• INSTRUCTIONS TO FOLLOW
Your answer should hold only the lines from the start of the data below through the line with "If you decide", copied exactly, with pictures left out.

• RECORD EXTRACTS

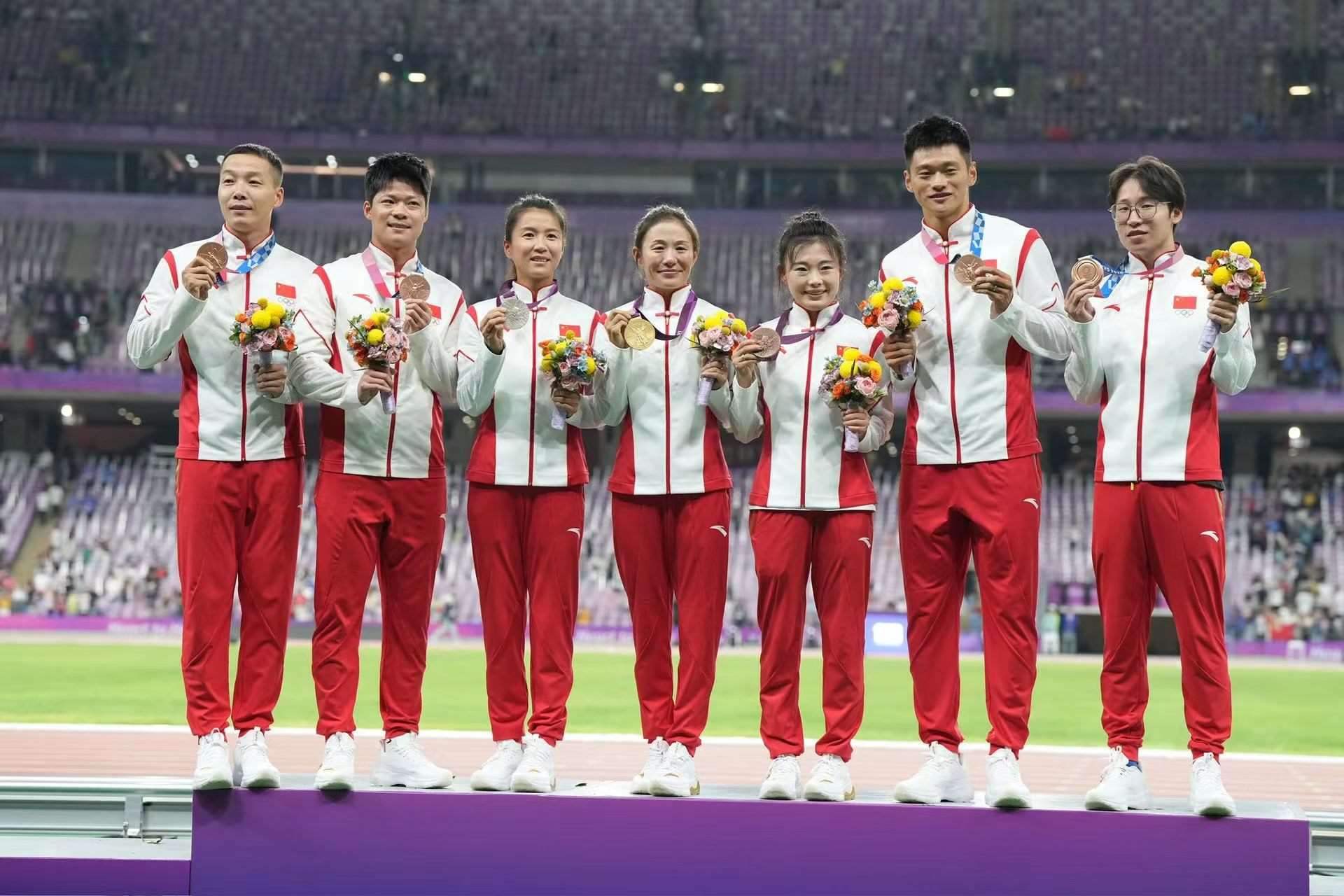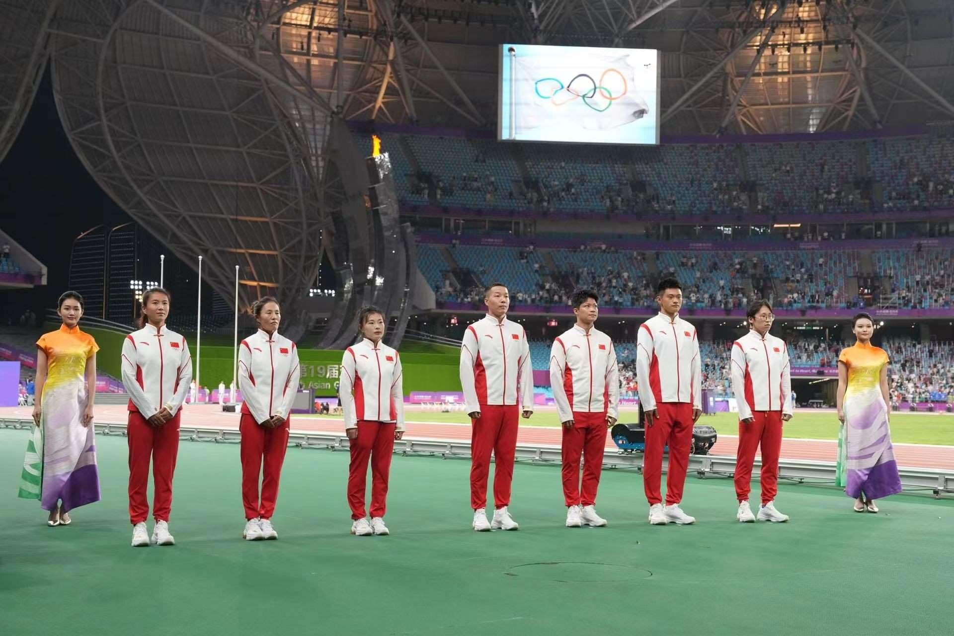 10月4日晚,在杭州亞運(yùn)會(huì)田徑比賽全部結(jié)束后,中國(guó)奧委會(huì)為蘇炳添、謝震業(yè)、吳智強(qiáng)、湯星強(qiáng)、切陽(yáng)什姐、劉虹和呂秀芝補(bǔ)發(fā)了奧運(yùn)會(huì)獎(jiǎng)牌。
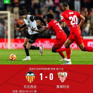 北京时间4月12日,西班牙足球甲级联赛第31轮,瓦伦西亚主场迎战塞维利亚。比赛中,瓦伦西亚凭借哈维-格拉的进球取得领先。最终,瓦伦西亚1-0战胜塞维利亚。
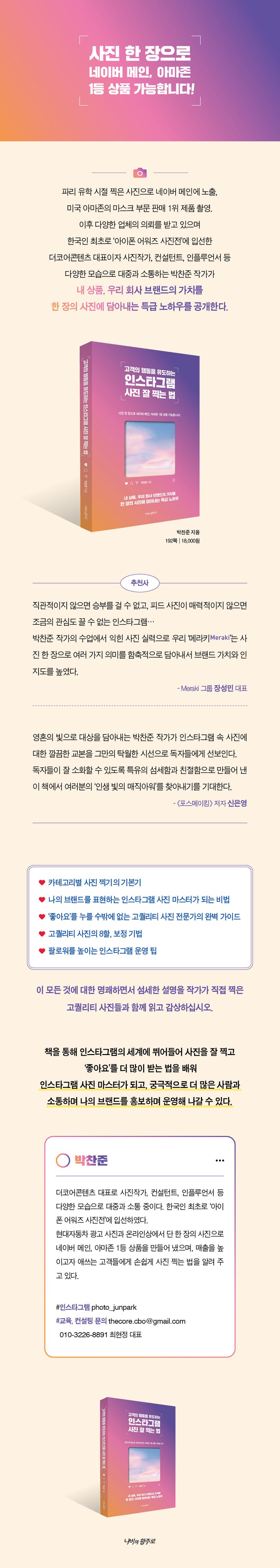 전 세계 5억 명 이상이 날마다 사용하고 하루 수백만 장 이상의 사진 및 동영상이 업로드되는 인스타그램은 현대의 브랜드 마케팅에서 빼놓을 수 없는 제3세대 SNS 공간이다. 이 인스타그램에서 가장 중요한 요소인 사진에 내 상품, 우리 회사 브랜드의 가치를 담아내는 특급 노하우를 사진 전문가 박찬준이 아낌없이 전한다.
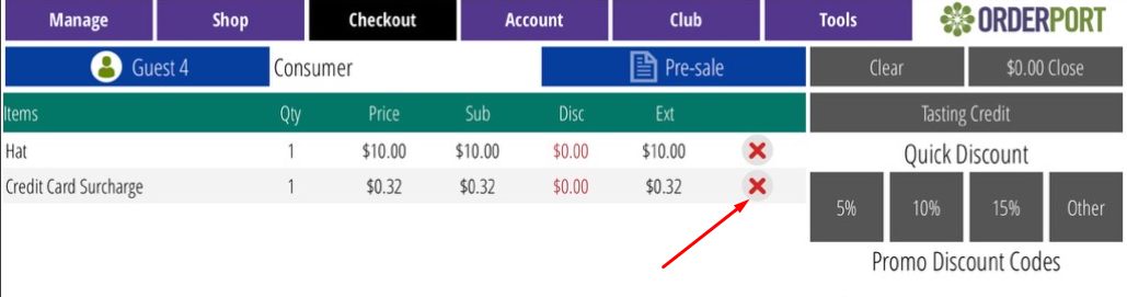 If you decide to use the fees tab to set up a credit card surcharge, there are a few limitations you need to be aware of. In OrderPort, we do not have the ability to apply a fee after a payment type is selected, so you can only use Credit Card fees on the Point of Sale or Restaurant applications. For all non-credit card charges, including debit cards, the winery must manually remove the credit card fee from the transaction at checkout by clicking the (x).
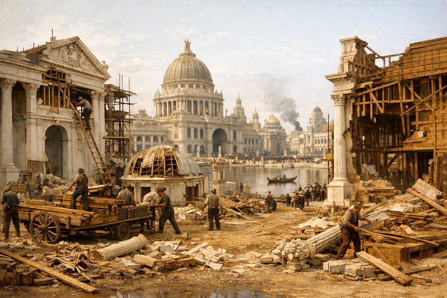 Nineteenth-century exposition architecture offers a particularly instructive cautionary case for understanding the material logic behind the so‑called loss attributed to Tartaria. Urban environments that appear in surviving photographs as monumental marble cities—most famously the “White Cities” of world’s fairs—were, in fact, purpose-built spectacles constructed using deliberately impermanent techniques: plaster composites, timber framing, staff ornament, and theatrical facades engineered to simulate monumentality without committing resources to durability. These cities were designed to exist briefly, to coordinate labor, capital, and circulation for a finite interval, and then to vanish once their function had been fulfilled. Their dismantling was not concealment, nor failure, but completion.
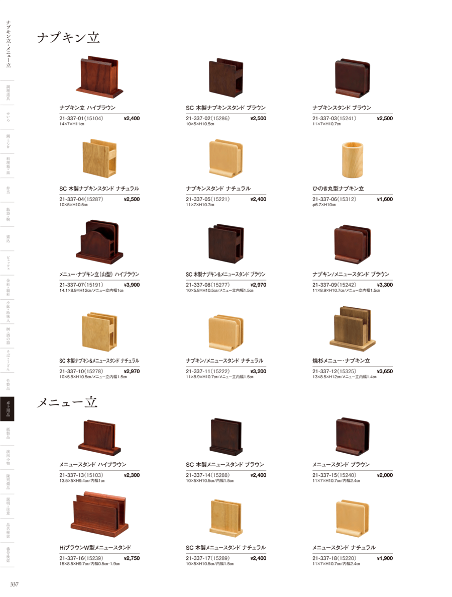 | 21-337-08 | SC木製ナプキン&メニュースタンド ブラウン | 上代 2,970円(税抜) 卸値 1,961円(税抜) (34%OFF) | ||
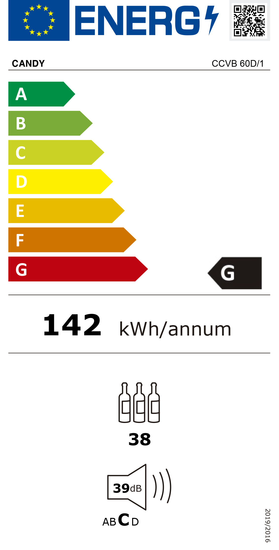 Consumo de energia anual: 142 kWh
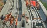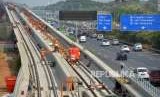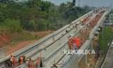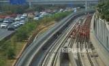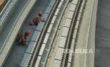 REPUBLIKA.CO.ID, JAKARTA -- Sejumlah pekerja saat menyelesaikan pemasangan rel LRT rute Cibubur-Cawang di Jakarta, Jumat (28/9).
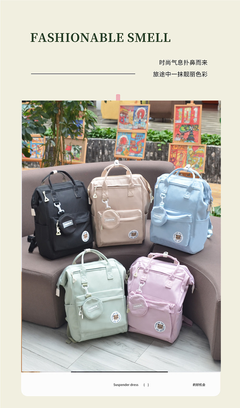 새로운 일본과 한국 스타일의 학생 학교 가방 단색 간단한 캐주얼 여행 배낭 대학 스타일 휴대용 방수 배낭스토어 가기
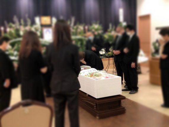 葬儀式後、お柩の蓋を開きまして最後のお別れの時間でございます。
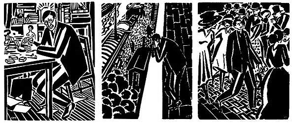 Мазерель использует как графическую технику, так и моральные элементы немецкого экспрессионизма в кино и театре[15]. Так, многие его персонажи выражают свои эмоции простыми, непреувеличенными жестами, что создаёт контраст с более сильными эмоциями других персонажей[16].

• EXERCISE OUTPUT
 10月4日晚,在杭州亞運(yùn)會(huì)田徑比賽全部結(jié)束后,中國(guó)奧委會(huì)為蘇炳添、謝震業(yè)、吳智強(qiáng)、湯星強(qiáng)、切陽(yáng)什姐、劉虹和呂秀芝補(bǔ)發(fā)了奧運(yùn)會(huì)獎(jiǎng)牌。
 北京时间4月12日,西班牙足球甲级联赛第31轮,瓦伦西亚主场迎战塞维利亚。比赛中,瓦伦西亚凭借哈维-格拉的进球取得领先。最终,瓦伦西亚1-0战胜塞维利亚。
 전 세계 5억 명 이상이 날마다 사용하고 하루 수백만 장 이상의 사진 및 동영상이 업로드되는 인스타그램은 현대의 브랜드 마케팅에서 빼놓을 수 없는 제3세대 SNS 공간이다. 이 인스타그램에서 가장 중요한 요소인 사진에 내 상품, 우리 회사 브랜드의 가치를 담아내는 특급 노하우를 사진 전문가 박찬준이 아낌없이 전한다.
 If you decide to use the fees tab to set up a credit card surcharge, there are a few limitations you need to be aware of. In OrderPort, we do not have the ability to apply a fee after a payment type is selected, so you can only use Credit Card fees on the Point of Sale or Restaurant applications. For all non-credit card charges, including debit cards, the winery must manually remove the credit card fee from the transaction at checkout by clicking the (x).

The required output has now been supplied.